Similarly if I gave it a phenomena I wanted to know about it could propose experiements to run to understand that thing.
taking independant action in the world is indeed beyond the limits of chatgpt on it's own, but its not hard to build systems relying heavily on chatgpt to do that, a simple loop calling it with information from sensors and a prompt to experiment with outputs is enough to get some kind of agent. It can process any information, and given more power it can draw ever-higher inferences from that information. This is analogous to a turing machine, something that can eventually get anywhere, but it will take an arbitrarily long time to do it.
I think of it kinda like the CPU in a Von Neumann architecture. A cpu on it's own doesn't do much of anything unless you tell it to. We have that part solved, we just need to settle on a good structure for repeatedly querying it.
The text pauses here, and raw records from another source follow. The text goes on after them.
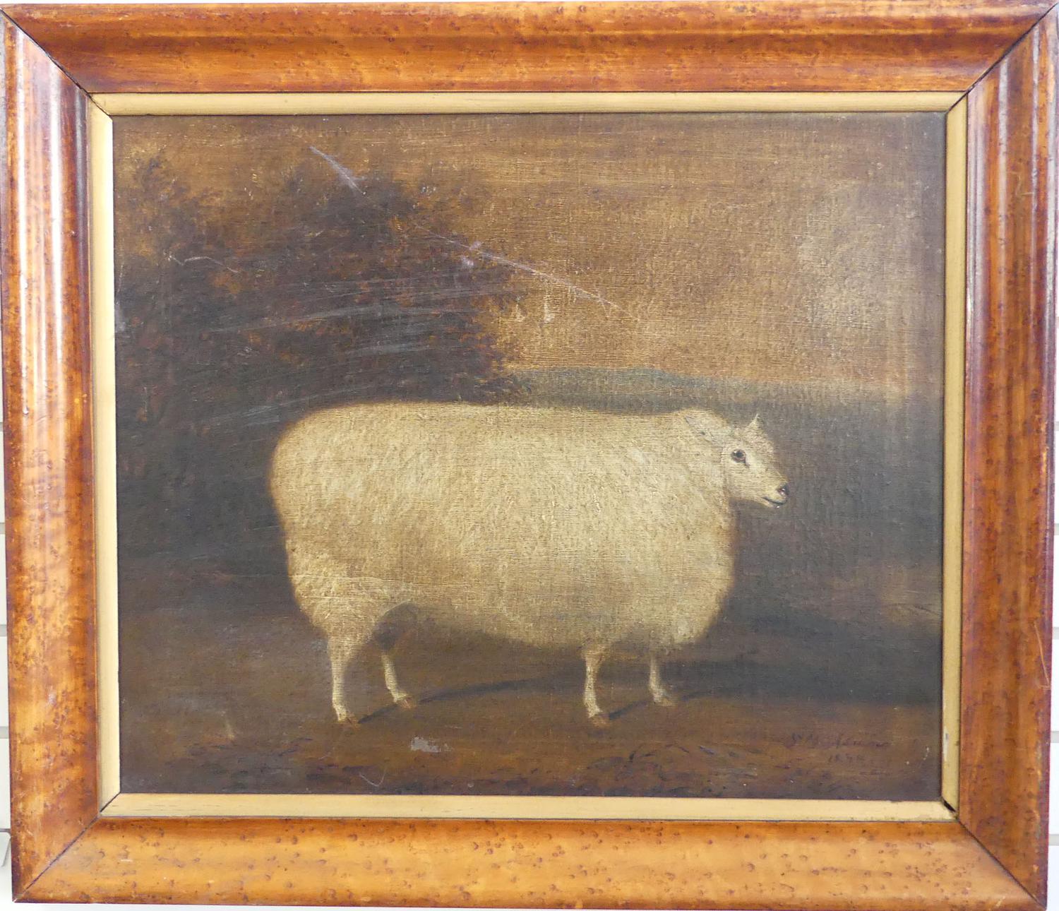 g.b.munro, oil on canvas dated 1858, 20" x 24", "champion sheep", in an birds-eye-maple frame
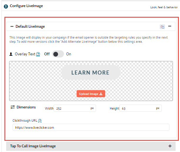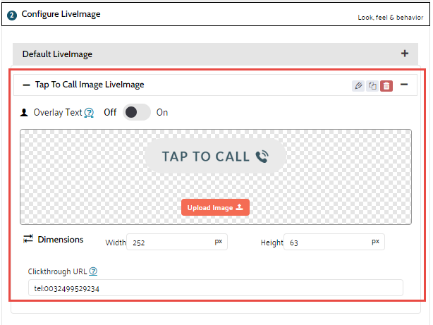 Your Tap to Call LiveImage will be automatically created with the following configuration:
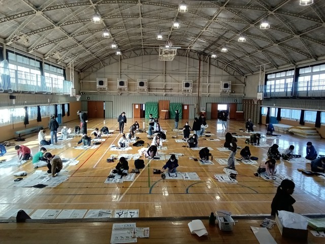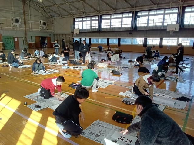 書初め 公開日 2026/01/09 更新日 2026/01/09 学校生活より 昨日の始業式後から、各教室では書初めを行いました。今日は5年生が体育館で、箏曲「春の海」をBGMにしながら、集中して書初めを仕上げていました。児童の力作は、校内書写展で掲示しますので、1月23日金曜日、24日土曜日の学校公開日にぜひ御覧ください。※写真は5年生の様子です。 いいね(0)
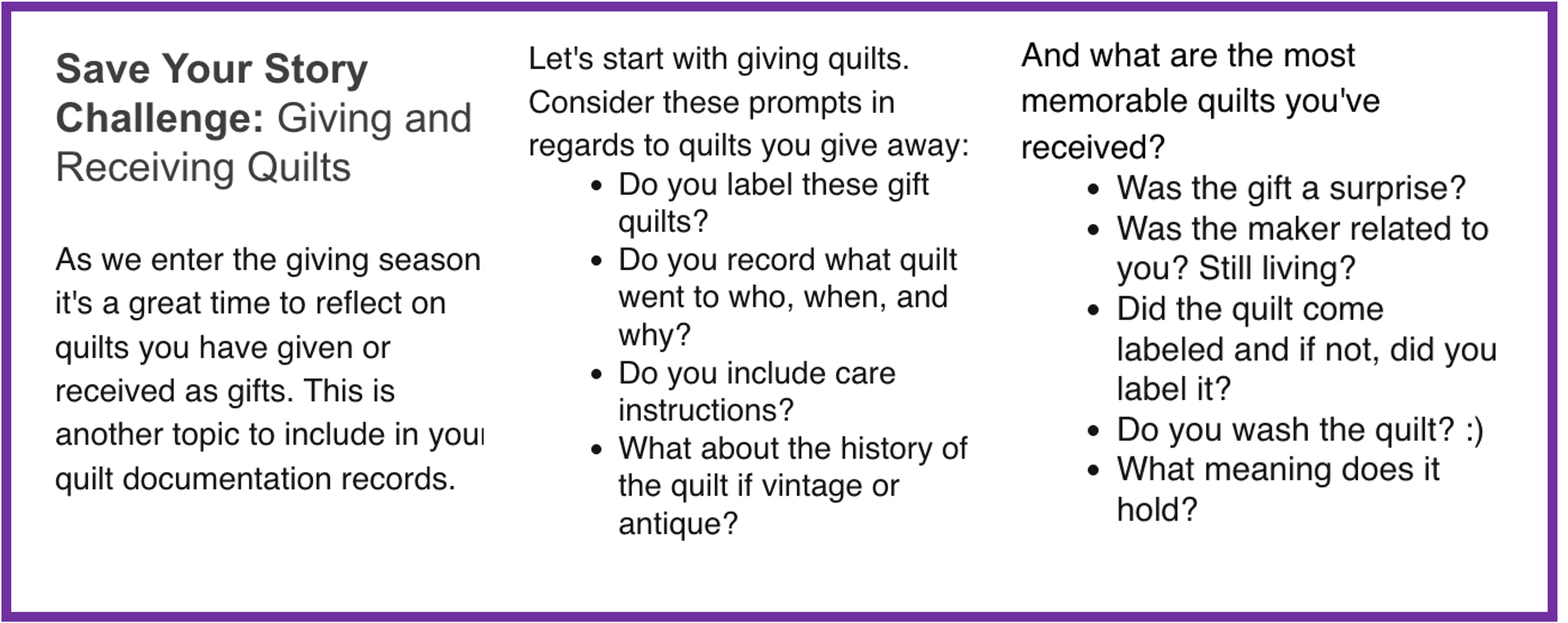 Now that the 2024 Save Your Story Challenge is concluding (so disappointing, as I have learned so much from going through this process!), it is time to go back and review all of my posts from this year. These blog posts are so valuable to have to revisit what I have done and what I have learned, to ensure I continue to build moving forward. Thank you, Quilt Alliance, for providing this opportunity!
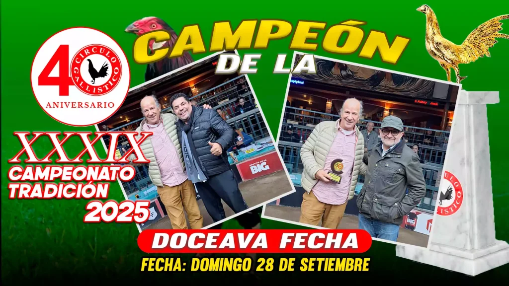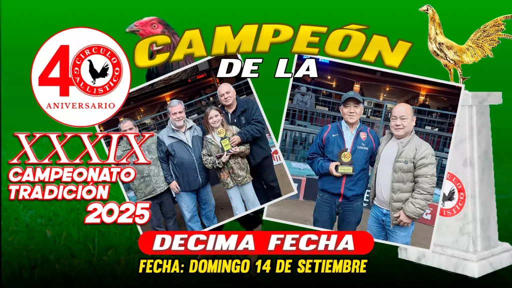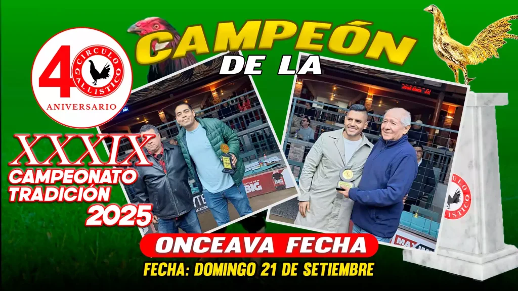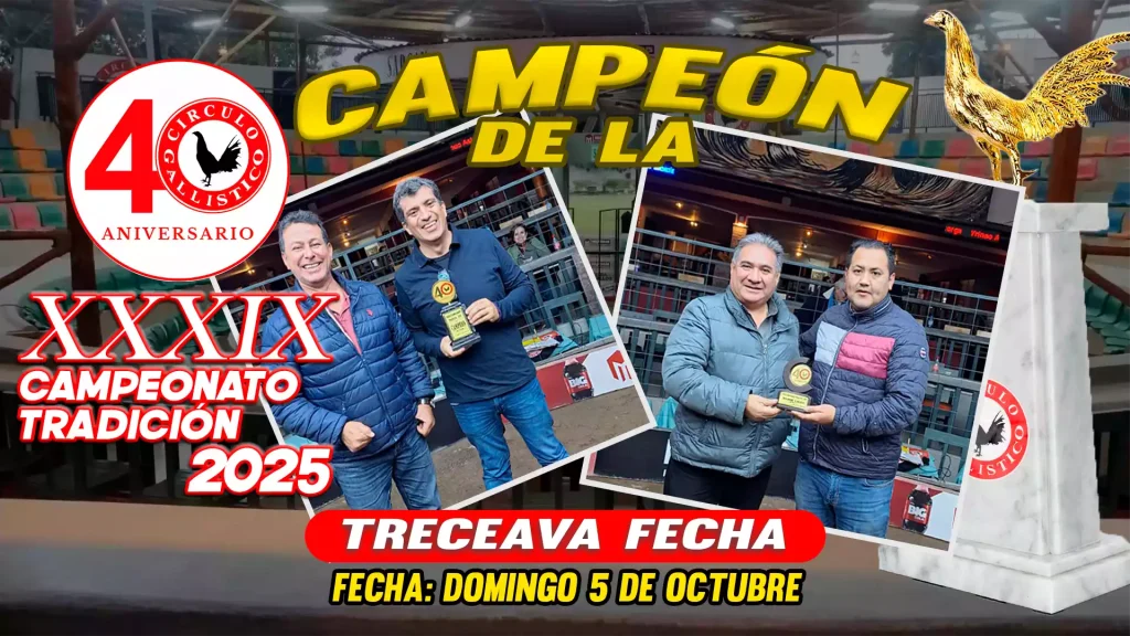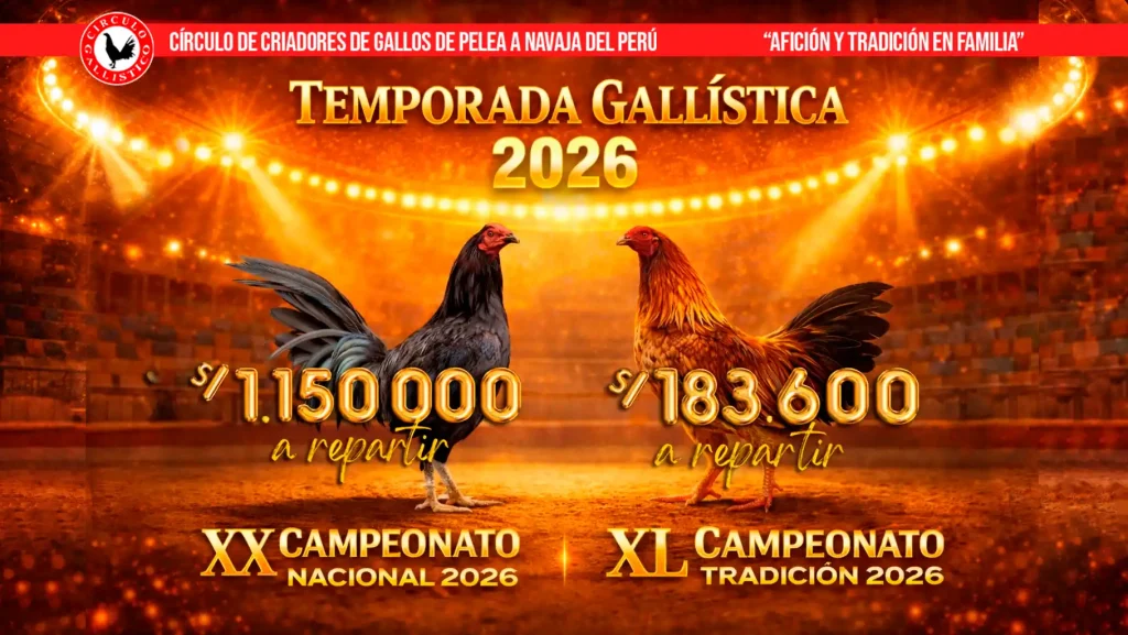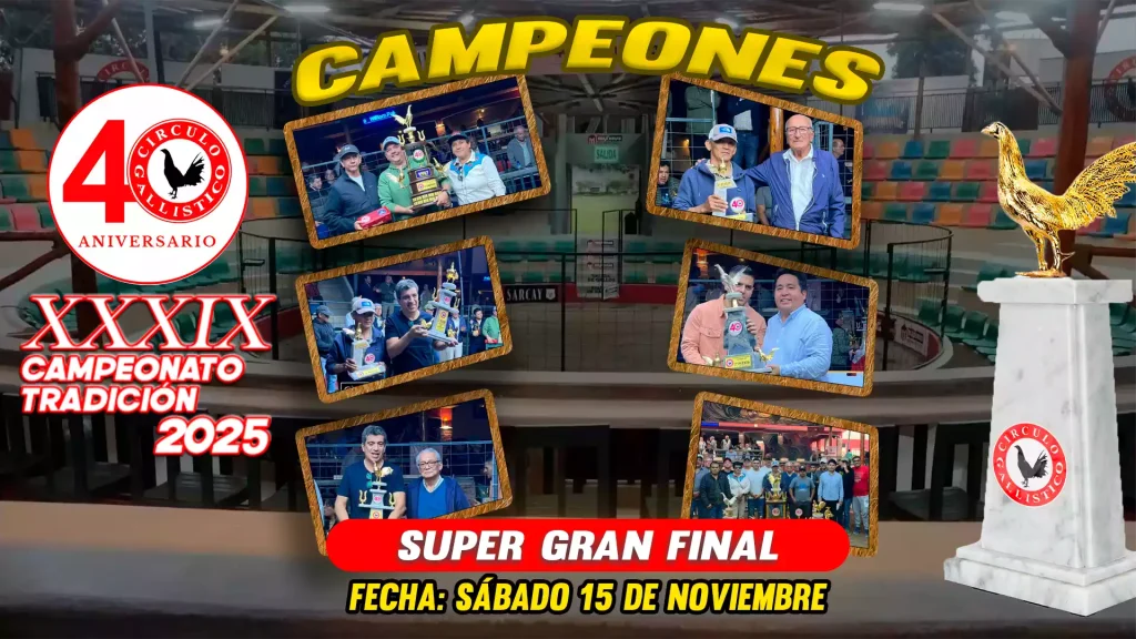 Los campeonatos del Círculo Gallístico del Perú reúnen a los mejores criadores y competidores en un escenario de tradición y pasión. Vive nuestros eventos y sé parte de la historia en cada torneo oficial.

AGI ≠ a lot of AI. They are fundamentally different things.
The first computer was designed in 1837, long before a computer was ever built. We know how fusion reactions work, now we’re tweaking the engineering to harness it in a reactor.
We don’t know how human intelligence works. We don’t have designs or even a philosophy for AGI. Yet, the prevailing view is that our greatest invention will just suddenly “emerge.”
No other field I’m aware of so strongly purports it will reach its ultimate breakthrough without having a clue of the fundamentals of that breakthrough.
It’s like nuclear scientists saying “if we just do a lot of fission, we think fusion will just happen.”